From 31 January 2022, UKHSA will move all COVID-19 case reporting in England to use a new episode-based definition which includes possible reinfections.
On the dashboard, this means:
- cases in England by report date will change to the new definition of an episode of infection
- historical numbers by report date will not be revised, so there will be a step increase in the cumulative numbers of cases on that date
- specimen date metrics will be revised back to the beginning of the pandemic.

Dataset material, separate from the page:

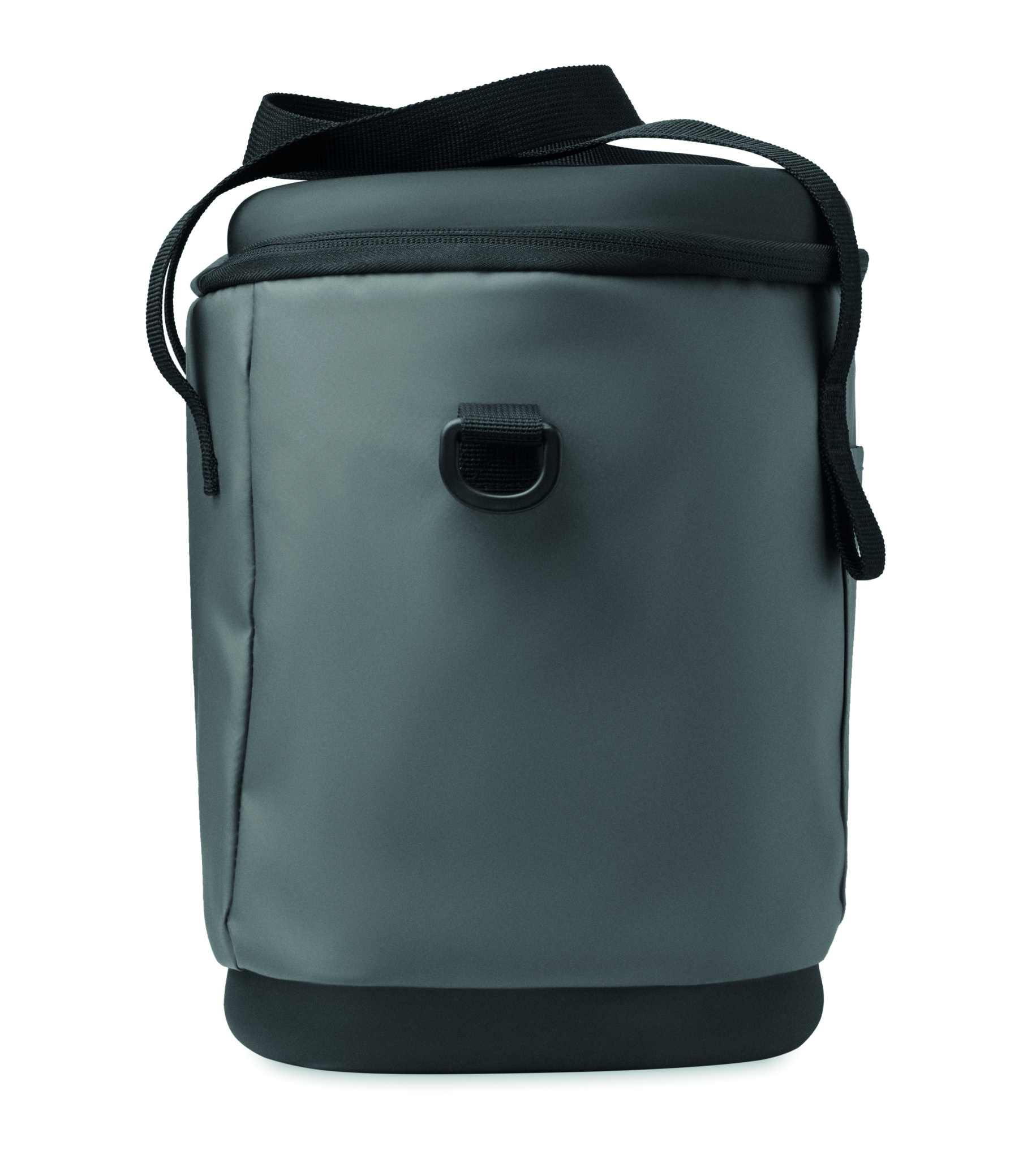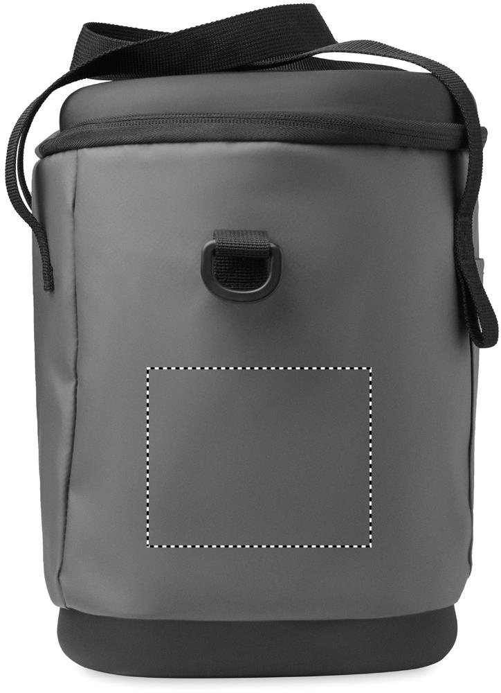 Cooler bag in 50C tarpaulin and top/bottom in rigid PEVA and bottle opener on the side. Including 1 front pocket and 1 inner mesh pocket. Isolation material: PE foam layer. Includes 2 handles and 1 adjustable and detachable strap. Capacity 40L.
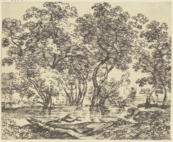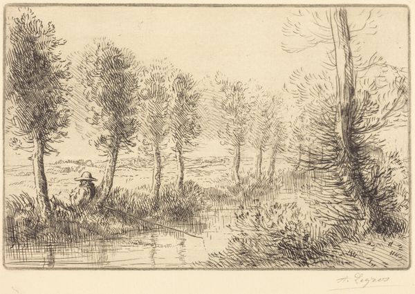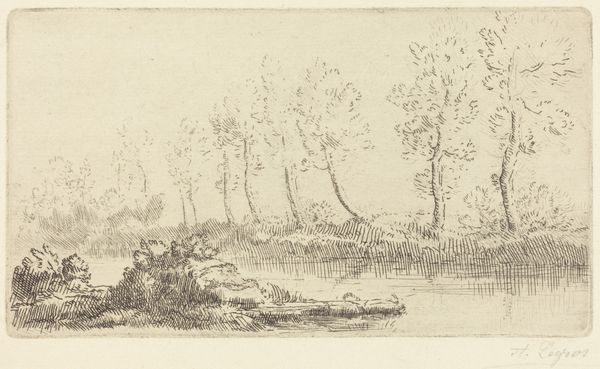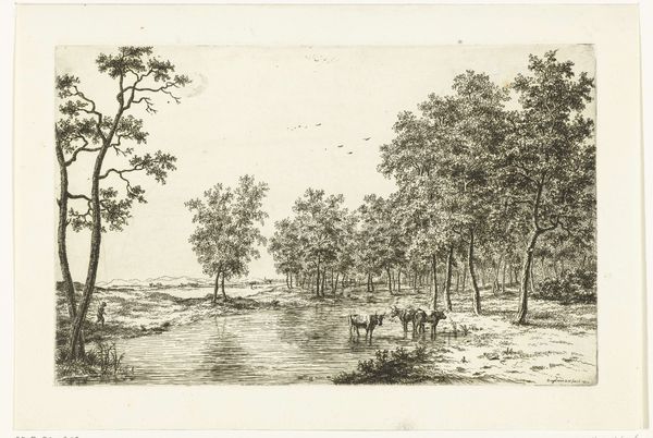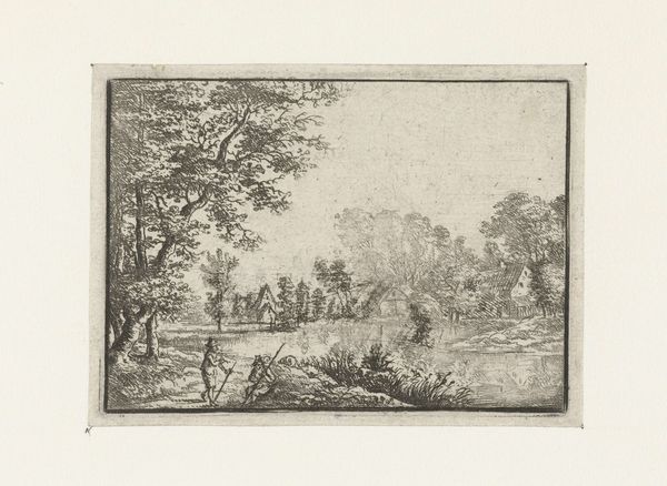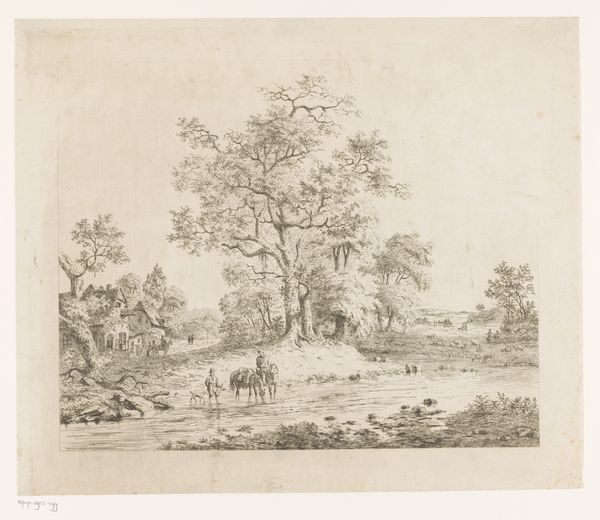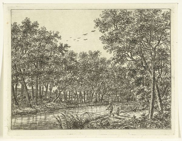 Ernst Willem Jan Bagelaar created this river landscape with trees and a fisherman using etching techniques. The artwork presents a serene scene, connecting to the romantic idealization of nature prevalent in the late 18th and early 19th centuries. The composition is built around a contrast between the natural elements, such as trees and water, and a human presence in the form of the fisherman. Made in the Netherlands, this print reflects the cultural appreciation for landscapes, a tradition going back to the Dutch Golden Age. It's interesting to consider the social conditions that shaped Bagelaar's artistic production. The rise of a middle class with disposable income created a market for art that celebrated the beauty of the natural world. To understand the historical context of Bagelaar's work, scholars can turn to period writings on art and aesthetics, sales records, and biographies of the artist. Ultimately, understanding the art is based on the social and institutional contexts in which it was made.

- the same metric names will still be used
- new metrics will show first episodes of infection (equivalent to the current case definition) and episodes of reinfection, shown by specimen date only.
UKHSA is working with the devolved administrations to align definitions across the UK.
Additional details
As the pandemic continues and more variants emerge, it is more likely that people will be reinfected with COVID-19.
Contact tracing and health protection work at UKHSA follows up people with a positive test result, whether they were a new case or a case of reinfection. However, surveillance figures only report COVID-19 cases as the date of the first infection, so individuals are only counted once.
UK public health agencies are now updating surveillance data to count infection episodes, including reinfection episodes.
Infection episodes will be counted separately if there are at least 90 days between positive test results.
Each episode begins with the earliest positive specimen date. If someone has another positive specimen within 90 days of the last one, this is included in the same episode. If they have another positive specimen more than 90 days after the last one, this is counted in a separate episode (a possible reinfection episode).